Imagine Richard Strauss setting something like The Cabinet of Dr Caligari, and you have something like Korngold’s Die Tote Stadt, and if you’re wondering if that’s praise, it emphatically is, though I should point out I am someone who was genuinely astonished to discover that not all children naturally love German expressionism. I, having heard a recording a few times several years ago and vaguely knowing the plot was about a man obsessed with his dead wife, figured the melodic Korngold was San Francisco Opera’s attempt to produce a non-threatening Puccini-style tearjerker, sort of a surreptitious way of scheduling Madama Butterfly yet again without looking over-reliant on warhorses. I was wrong – this opera is much weirder and wilder than that.

It was fascinating to see how many early modernist tropes show up in the young and ambitious Korngold’s work: the emphasis on dream states and the subconscious, and a presentation of reality that borders on the unreal; an obsessive, internalized, and suffocating love (similar to Marcel’s feelings for Albertine in The Captive and The Fugitive); even the use of Pierrot and the commedia figures. The opera also hearkens back to the romantic and morbid traditions in German opera, with a Tristanian association of love and death and a Faust-like battle between love and the underworld (in the specific shape of Robert le Diable, the opera Marietta the singer is rehearsing). And if some of those impulses seem to be an expression of Zeitgeisty goodness rather than of the composer's internal need, the result is still a riveting and indeed virtuosic piece.

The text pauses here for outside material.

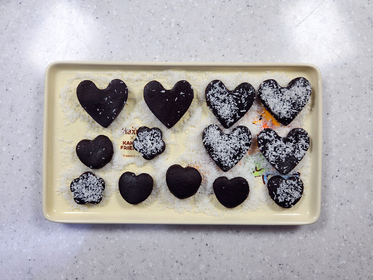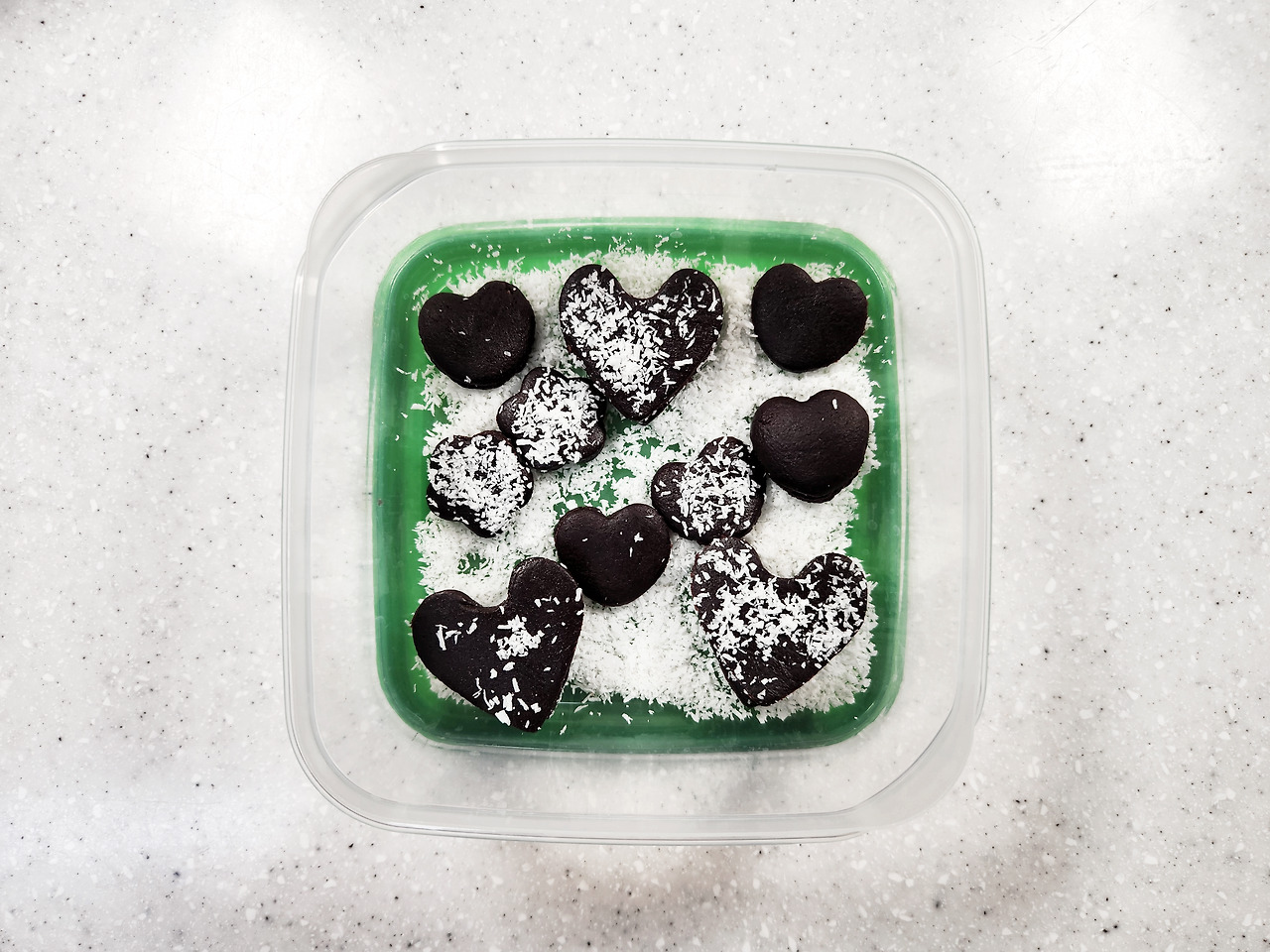 저는 보관통에 코코넛가루를 뿌려서 초콜릿이 달라 붙지 않게 한 다음 냉동실에 30분 동안 굳혀서 조금 딱딱하게 먹었어요. 이럴 땐 초콜릿들이 서로 붙지 않도록 사이사이 코코넛가루나 코코아파우더 뿌려주시면 좋아요.

After the performance I could see why the opera isn’t done that often – it must be draining to all involved. Snobbery about a composer who became best known for his film scores may have played a part in it as well. I really don’t think it has much to do with his late-Romantic style; the alleged dismissal of emotion and melody by the austere forces of audience alienation certainly didn’t hinder opera houses from scheduling Puccini and Strauss to the point of monotony.

The staging, with its floating constructions and huge fragmented portraits, was dreamily perfect, and complete with a few moments (like the pyramid formed by outstretched hands) that were straight from the Fritz Lang playbook. Runnicles conducted an amazing performance; I feel he sometimes has a tendency to swamp the singers, and this lush score certainly is one long temptation to do so, but he kept everything under perfect control. Torsten Kerl was a success as the withdrawn Paul and so was Lucas Meacham as Frank, his outgoing, well-adjusted friend.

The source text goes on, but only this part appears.